### DATA EXTRACT
+===+
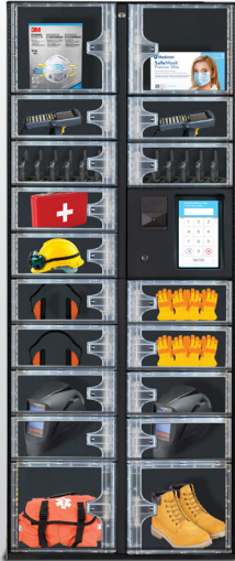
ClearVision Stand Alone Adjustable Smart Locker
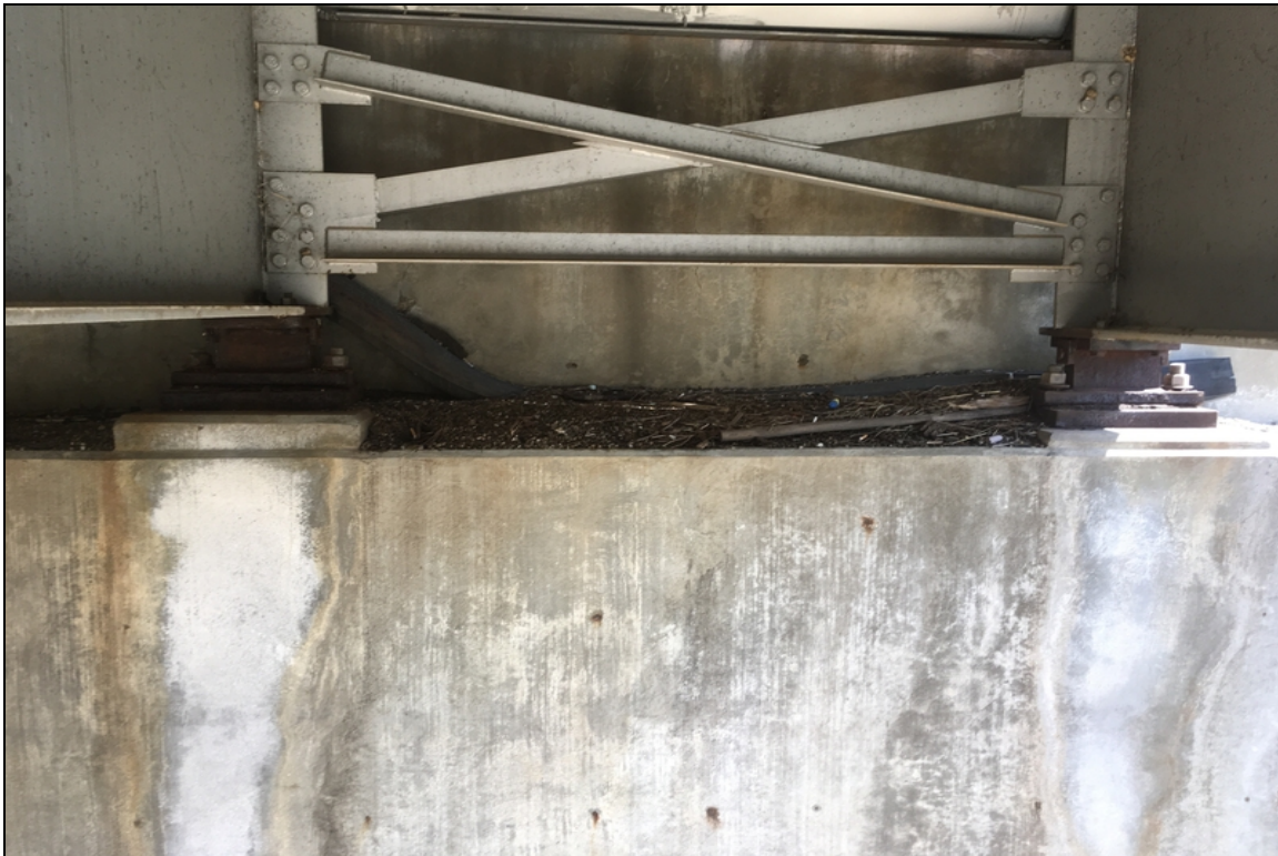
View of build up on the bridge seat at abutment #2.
+===+
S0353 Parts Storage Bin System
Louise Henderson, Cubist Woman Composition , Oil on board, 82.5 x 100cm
+===+
All pictures are to be skipped. Output, word for word, the lines in the data above starting at the line containing "ClearVision Stand Alone" and ending at the line containing "View of build".

### YOUR SOLUTION
ClearVision Stand Alone Adjustable Smart Locker
View of build up on the bridge seat at abutment #2.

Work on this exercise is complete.